◆ Data provided ◆
=== Section Start ===
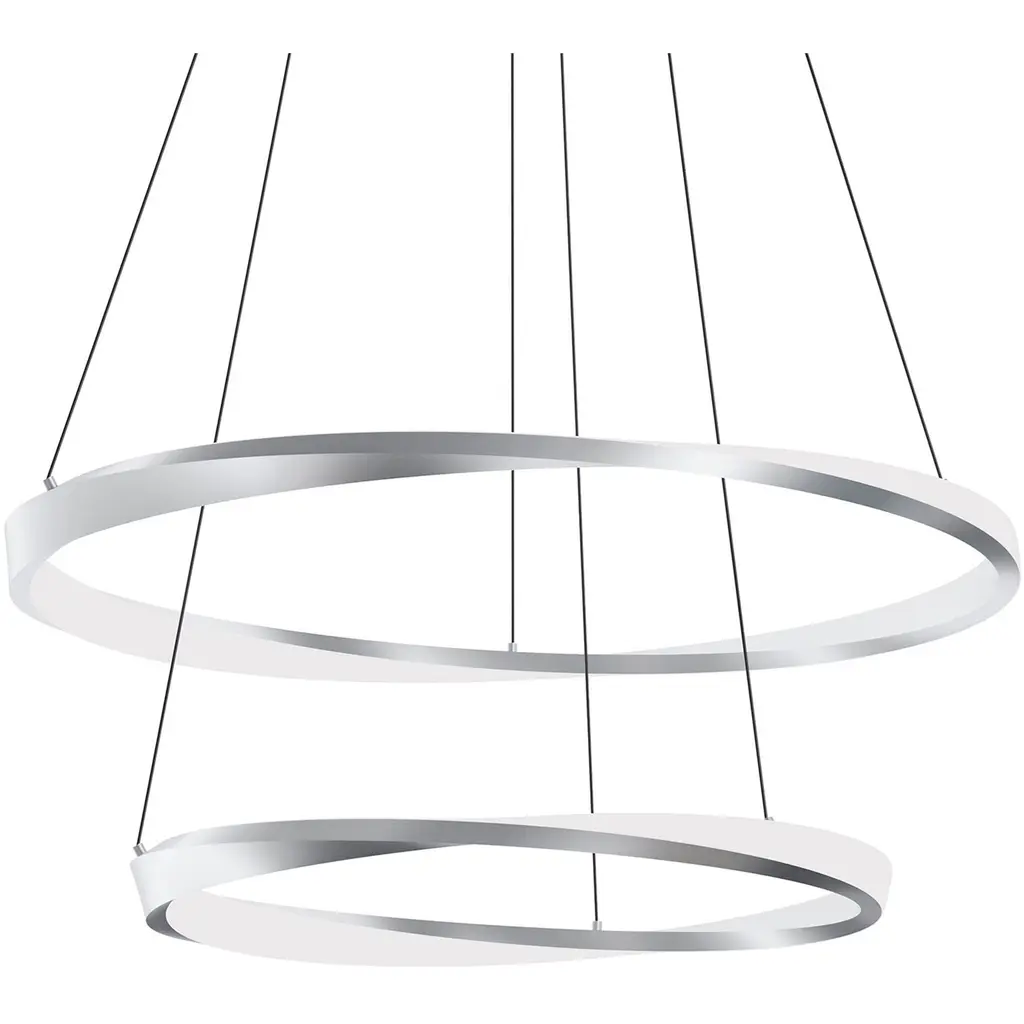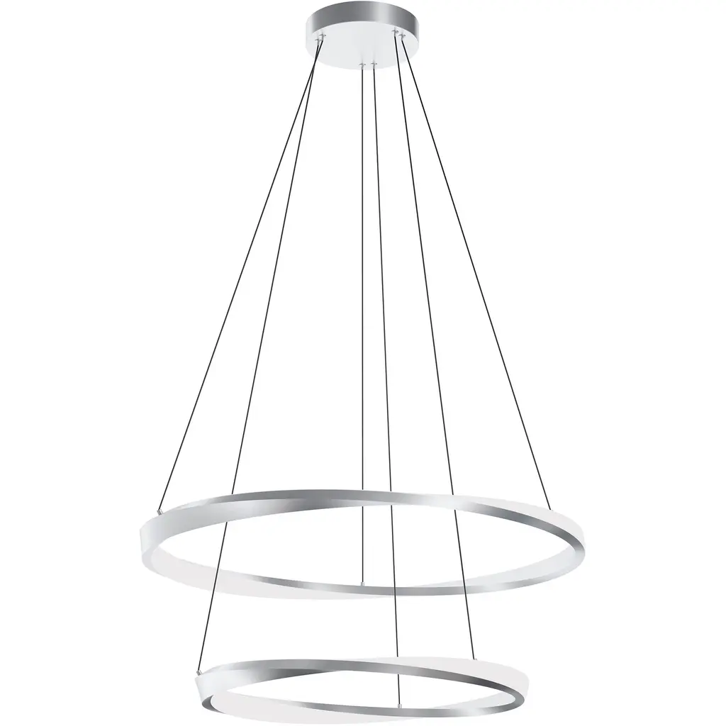 Enhance your living room or dining area with the stylish Oberon pendant. This contemporary piece features a double ring design, offering a modern chandelier feel that adds a sophisticated touch to any space. With integrated lighting, it provides an efficient 80W illumination, making it a standout overhead accent for your home decor.
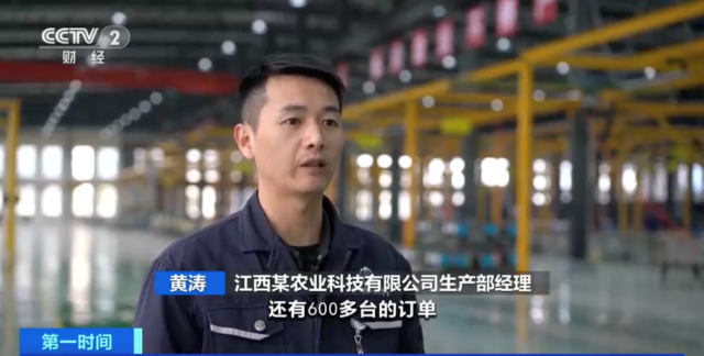 江西某農(nóng)業(yè)科技有限公司生產(chǎn)部經(jīng)理 黃濤:還有600多臺的訂單,在持續(xù)生產(chǎn)中,我們?nèi)σ愿盀榇焊翰ヌ峁┪镔Y保障。
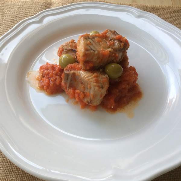 Cuando esta finalizado, podemos servirlo, con aceitunas o simplemente con un perejil picadito por encima.
=== Section End ===
◆ Exercise prompt ◆
Please retype, exactly as they appear, the lines from the one with "江西某農(nóng)業(yè" through the final line of the material, both included, and drop any pictures.

◆ Your response ◆
 江西某農(nóng)業(yè)科技有限公司生產(chǎn)部經(jīng)理 黃濤:還有600多臺的訂單,在持續(xù)生產(chǎn)中,我們?nèi)σ愿盀榇焊翰ヌ峁┪镔Y保障。
 Cuando esta finalizado, podemos servirlo, con aceitunas o simplemente con un perejil picadito por encima.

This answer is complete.